De-globalizing
Mr Carney and his NDP-Liberals, with the borborygmatic support of the Conservatives and all the other parties, share a belief in panic with the rest of the Western world. For various reasons — none of them cogent or thought through — they react to fears for the planet’s further existence. These range from “climate change” to falling population to Trump tariffs, and one panic can easily replace another in the election cycles. Curiously, all our problems are human-created, with causes that would simply go away were it not for politicians, except the environmental ones, which don’t actually exist.
Of course, the sudden return of the ice age, with the collapse of agriculture owing to the radical depletion of atmospheric carbon, while ice freezes many miles thick, and shrinks the oceans into salty slush at the equators, and the glaciers grind our cities away, would seem to be a problem — but only for human beings. I, for one, refuse to be panicked by this.
We should take it in our stride. For it has all happened before, in quite recent geological time, and what has happened before can happen again. We mustn’t be surprised.

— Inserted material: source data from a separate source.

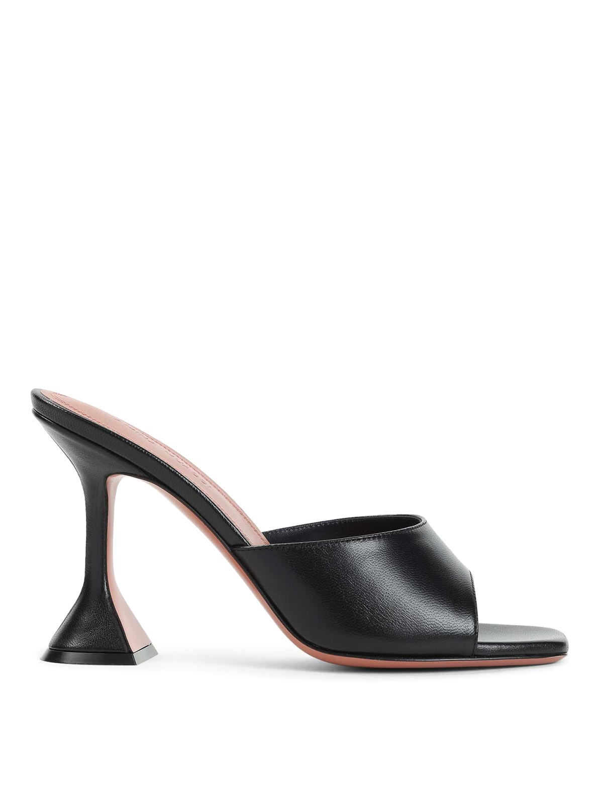 Amina muaddi black lupita slippers pure black slippers squared open toe top tonal strap slip, on style hourglass tonal heels out
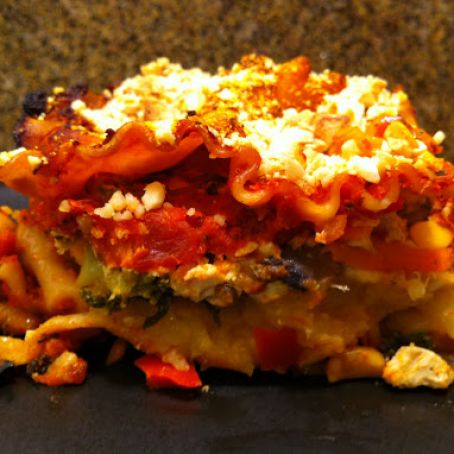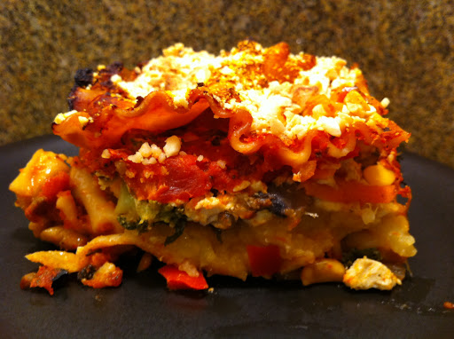 Spray a large baking dish. Prepare pasta to package directions. Drain and rinse. In skillet heat oil and brown ground beef and garlic. When beef is no longer pink, add salt, pepper, flour, sweet potato puree, and parmesan cheese. Mix well and remove from heat. In blender puree tomatoes, garlic, onions, and parmesan cheese. Pour from blender and set aside, in same blender puree cottage cheese, egg and mozzarella cheese. Spread 1/3rd of the pasta along the bottom of the baking dish. Spread the meat sauce over layer of pasta, then layer another layer of pasta, cover that layer with cheese sauce. Add another layer of pasta and cover with the tomato sauce. Top with C of mozzarella cheese cover with tin foil and bake at 350 for 30-35 minutes. Uncover and bake an additional 10 minutes or until the cheese topping is melted. Let set 10 minutes before cutting.
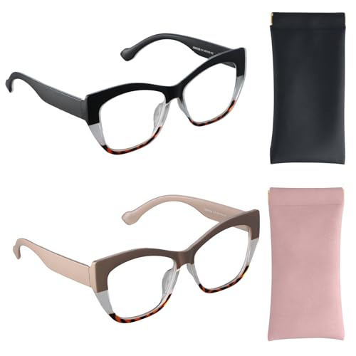 Anseom 2 Piezas Gafas con Bloqueo a Luz Azul ASPECTOS CLAVE (Gafas de Lectura para Mujer Hombre, Gafas de Ojo de Gato de Gran Tamaño, Gafas Moda Ligera para Gaming Lectura Computadora)
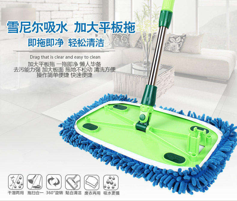 📚 维卡 雪尼尔家用平板木地板吸水懒人大拖把 布套式大号拖把平托把
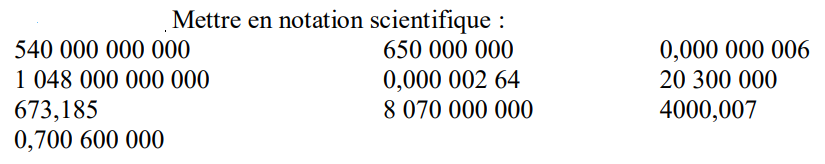 Exercice 30 – donner l’écriture scientifique de ces nombres.

From a universal point of view, we would be unnoticed collateral damage. The warm soft cuddly times might come back again, after enormous floods and tsunamis wash the gravel around, and if there were a tiny number of surviving humans we could then go about reinventing civilization, entirely from scratch, at our leisure.
For leisure, even in periods of discomfort, has always been the most important factor in the development of civilization. And leisure is the opposite of panic.